[Instructions for the task] Without any pictures, print the lines below from the one that has "He hecho este" through the one that has "省能源局关于下达织金县白泥镇风电场等21个风电光伏发电项目建设计划的通知", exactly and nothing else.

*** Provided material Section Begins ***

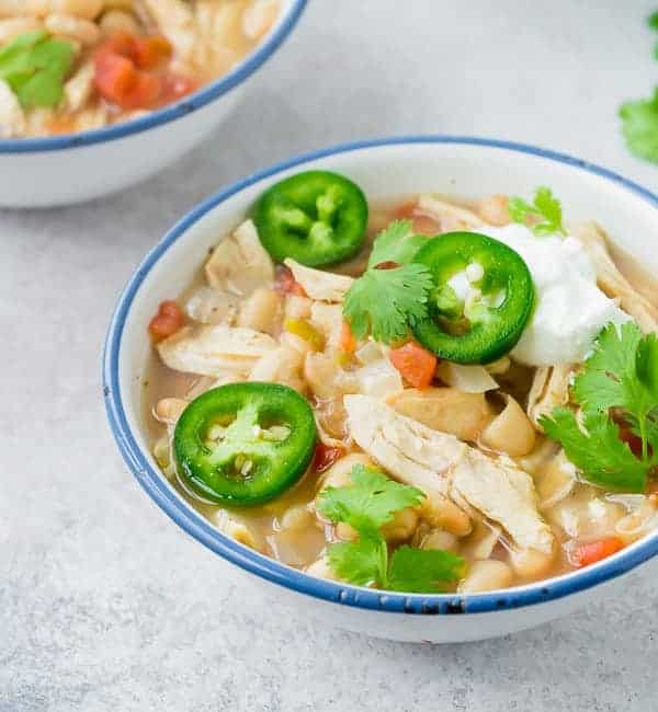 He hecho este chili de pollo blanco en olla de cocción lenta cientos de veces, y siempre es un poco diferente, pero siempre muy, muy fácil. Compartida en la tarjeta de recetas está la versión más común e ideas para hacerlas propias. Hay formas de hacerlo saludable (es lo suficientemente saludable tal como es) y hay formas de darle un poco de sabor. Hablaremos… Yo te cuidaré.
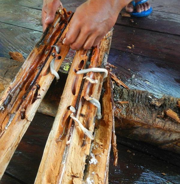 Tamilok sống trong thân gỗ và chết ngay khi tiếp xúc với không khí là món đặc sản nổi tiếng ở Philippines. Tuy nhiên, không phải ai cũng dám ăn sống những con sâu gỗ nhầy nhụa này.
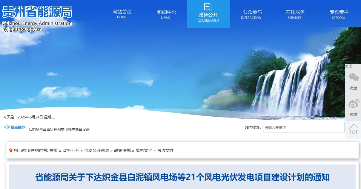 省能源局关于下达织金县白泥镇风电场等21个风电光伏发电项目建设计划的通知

*** Provided material Section Ends ***
*** Provided material Section Begins ***

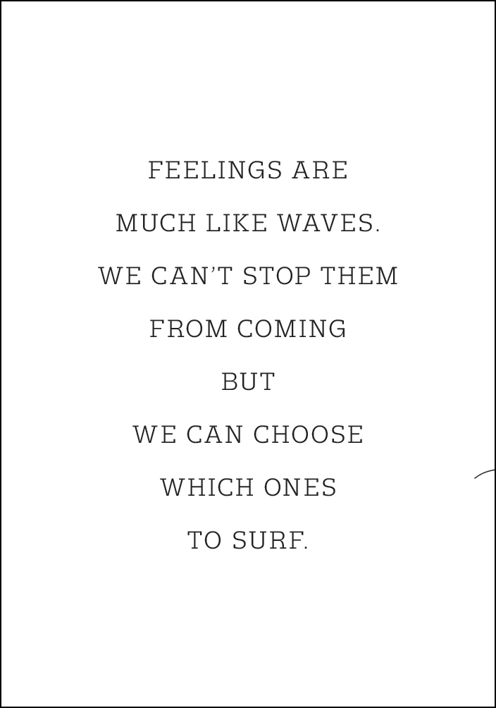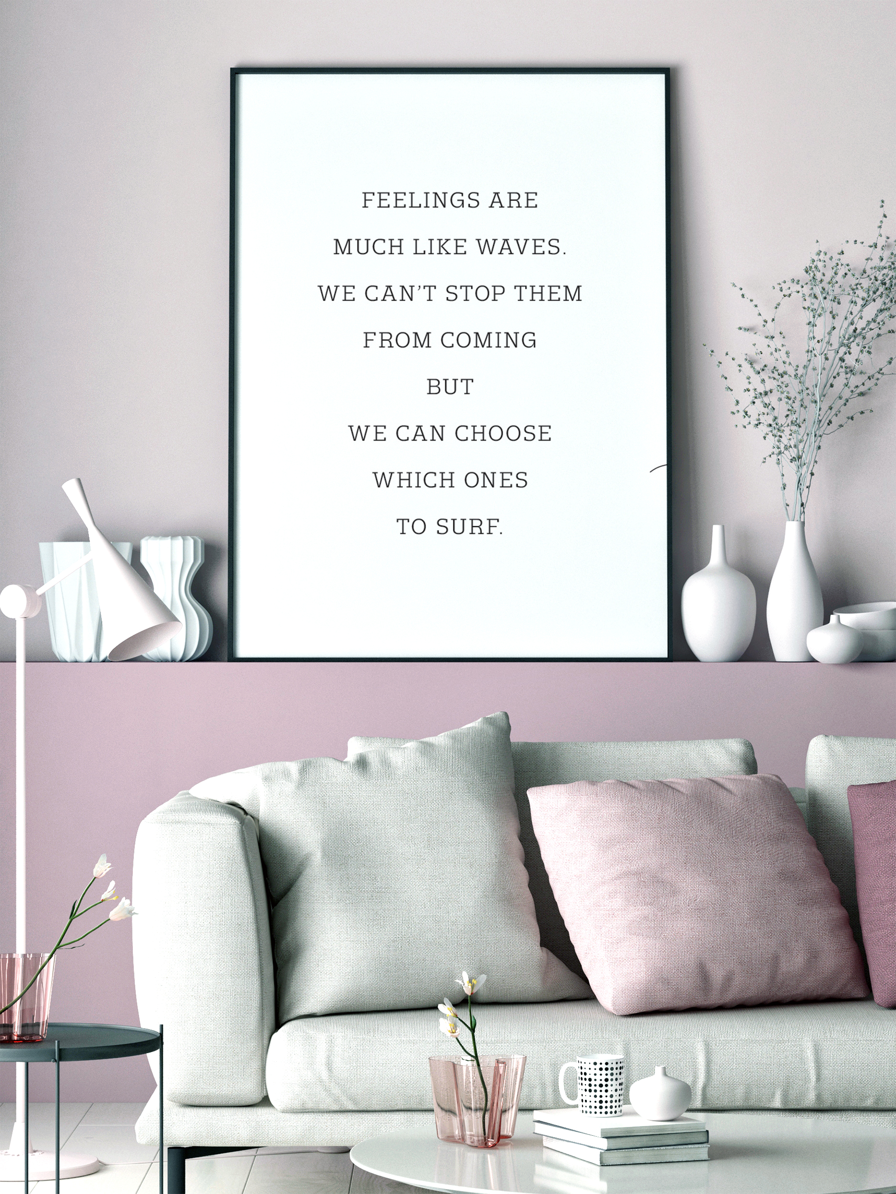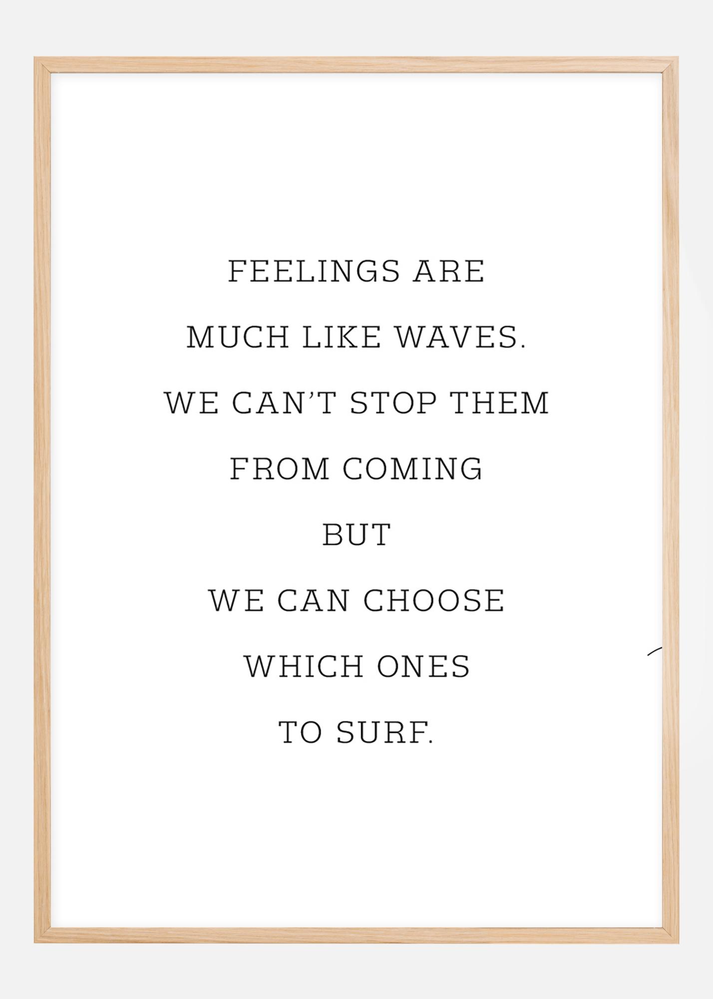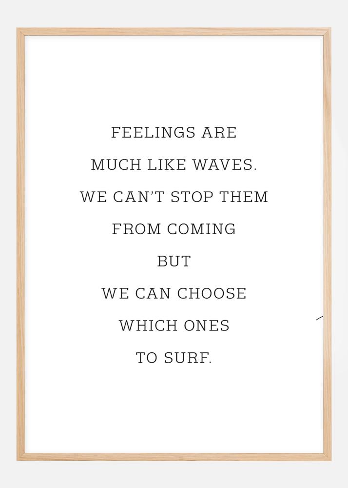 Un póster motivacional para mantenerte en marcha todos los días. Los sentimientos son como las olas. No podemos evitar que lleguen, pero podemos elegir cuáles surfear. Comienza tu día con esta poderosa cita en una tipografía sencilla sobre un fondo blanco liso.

*** Provided material Section Ends ***

[Answer for this exercise]
 He hecho este chili de pollo blanco en olla de cocción lenta cientos de veces, y siempre es un poco diferente, pero siempre muy, muy fácil. Compartida en la tarjeta de recetas está la versión más común e ideas para hacerlas propias. Hay formas de hacerlo saludable (es lo suficientemente saludable tal como es) y hay formas de darle un poco de sabor. Hablaremos… Yo te cuidaré.
 Tamilok sống trong thân gỗ và chết ngay khi tiếp xúc với không khí là món đặc sản nổi tiếng ở Philippines. Tuy nhiên, không phải ai cũng dám ăn sống những con sâu gỗ nhầy nhụa này.
 省能源局关于下达织金县白泥镇风电场等21个风电光伏发电项目建设计划的通知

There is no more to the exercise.